» **PROBLEM DESCRIPTION**:
Please produce a character-exact copy of the listing that follows, omitting all images.

» **DATA SECTION**:
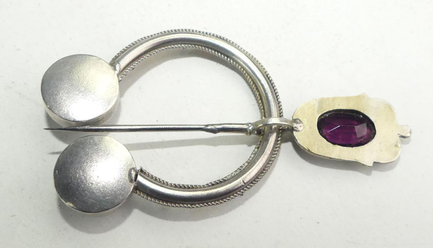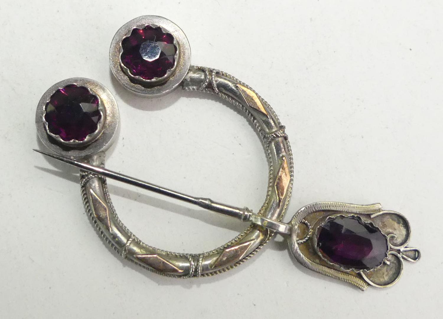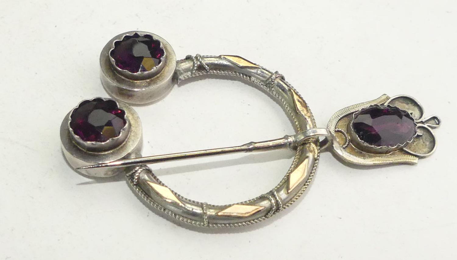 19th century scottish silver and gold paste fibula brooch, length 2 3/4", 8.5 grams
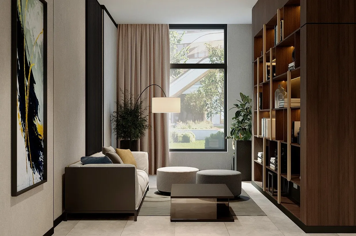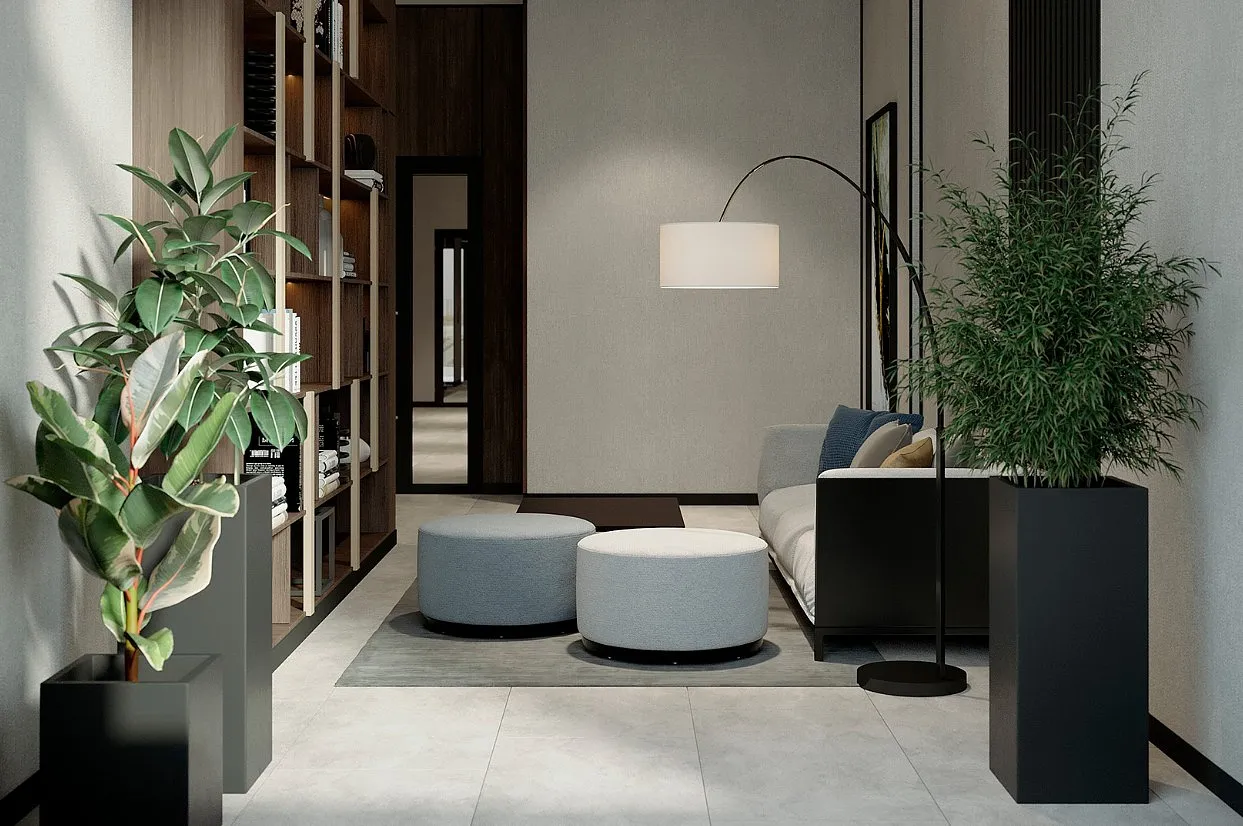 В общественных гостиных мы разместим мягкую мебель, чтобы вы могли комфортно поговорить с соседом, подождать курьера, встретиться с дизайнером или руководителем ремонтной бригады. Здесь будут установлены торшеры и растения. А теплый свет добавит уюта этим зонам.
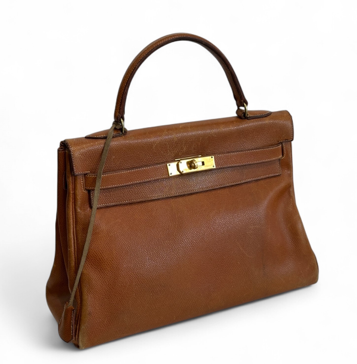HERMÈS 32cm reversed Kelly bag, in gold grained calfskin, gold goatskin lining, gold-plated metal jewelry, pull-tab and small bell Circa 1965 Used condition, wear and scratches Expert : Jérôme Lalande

» **SOLVED PROBLEM**:
 19th century scottish silver and gold paste fibula brooch, length 2 3/4", 8.5 grams
 В общественных гостиных мы разместим мягкую мебель, чтобы вы могли комфортно поговорить с соседом, подождать курьера, встретиться с дизайнером или руководителем ремонтной бригады. Здесь будут установлены торшеры и растения. А теплый свет добавит уюта этим зонам.
HERMÈS 32cm reversed Kelly bag, in gold grained calfskin, gold goatskin lining, gold-plated metal jewelry, pull-tab and small bell Circa 1965 Used condition, wear and scratches Expert : Jérôme Lalande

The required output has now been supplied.